Loyola Hearn was left sputtering in the mud and the blood which prompted the government to unleash their mad dog Newfoundland Premier Danny Williams with his predicable drumbeat of schoolyard name calling and juvenile pontificating. In desperation Williams called for the banning of the barbaric hak-a-pik instrument from the orchestra. But nobody noticed any change in the tune coming from the European brass section and the symphony continued.

The String section under Hearn called in the heavy rappers and bangers armed to the teeth and clad all in black to board the floating Farley band with all the bravado of pimpled faced boys with guns looking to bitch slap some defenseless female to demonstrate their Latino wannabe machismo that they so clearly lacked.

Captain Alex and 1st Officer Peter the Hammer were hauled away in chains to be interrogated for the crime of approaching the scene of a murder without permission of the murderers.
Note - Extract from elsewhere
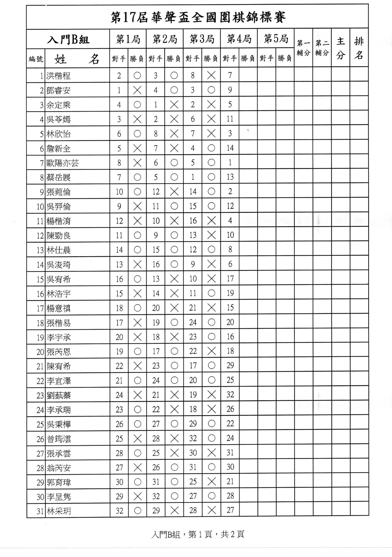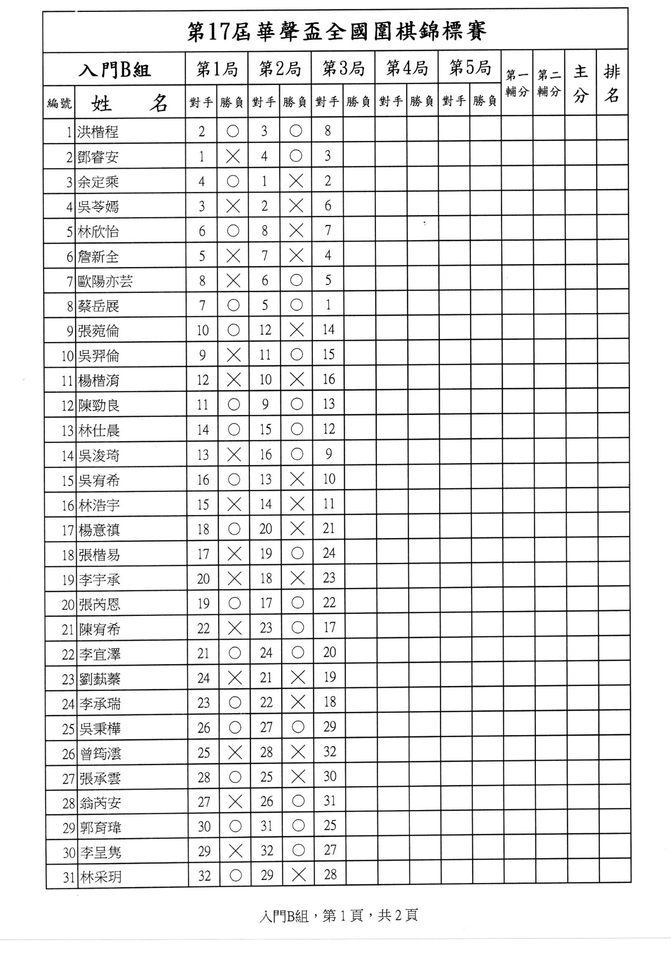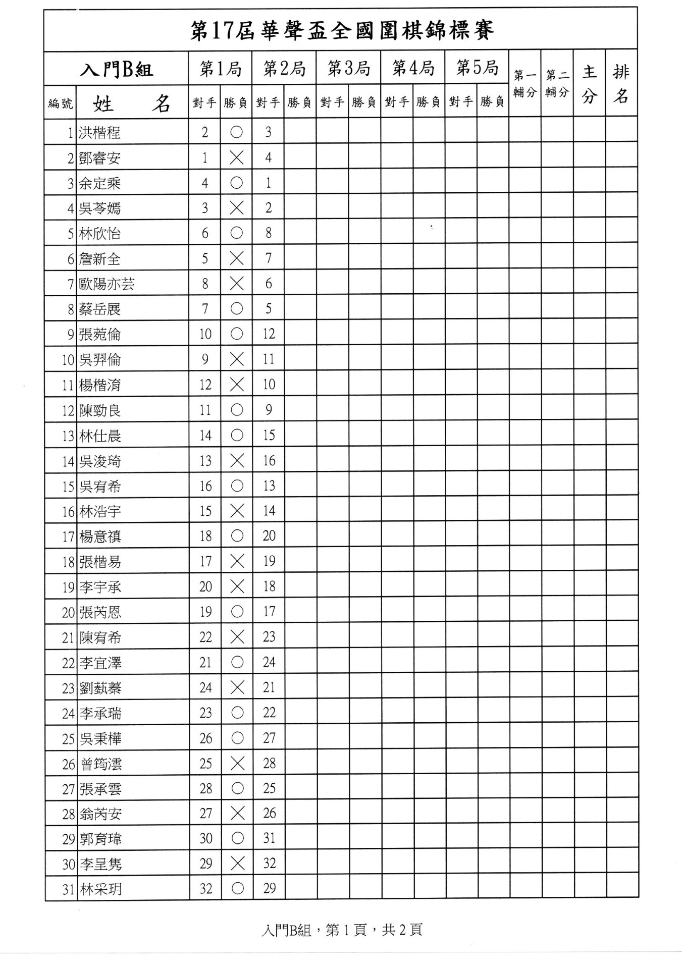 第一局成績暨第二局賽程

Captain Paul bailed them out of the loony tune crowbar hotel with a sackful of unbearably heavy doubloons and after the counting was done, the two men were free to be deported back to Europe to spread the message of Canadian seal serial killers, bashing and slashing in a melody of gore and blood.

On the eve of a vote on a bill before the European Parliament to ban seal products, the Sea Shepherd Conservation Society knew that a special performance was in order and all the players delivered in spades. The Sea Shepherd crew have left the field. Attention, Captain Watson has left the building leaving the Canadian Dudley Do Right Feds scratching their heads and wondering what to do with the great black ship left in their hands. They can't seize it without due process, they can't let it go unless they return it in the condition they received it which means they are stuck with it as Captain Watson prepares a law suit for damages. Why pay to retire a ship when the Canadian government can pay Sea Shepherd to retire it for us.

And the music just gets better and better with sealing ships crushed in the ice, sealing boats on the rocks, sealing boats on fire, another one bites the dust and another one down, it's getting almost orgasmic. The prices for seals pelts falling, fuel prices rising, less seals dying as the orchestra reaches the climax of its creative performance and the chickens come home to roost to await the European Parliamentary decision to hammer the last nail into the coffin of the most barbaric, obscene and disgusting industry on the planet.

It was a great performance Captain so take a bow. Halleluiah, Mr. Hearn for playing your part. As the music fades over the ice floes, the gentle barking of young seal pups restores the natural order to the nursery as the survivors of the vicious rape of the babies of the sea take to the water to make their way northward.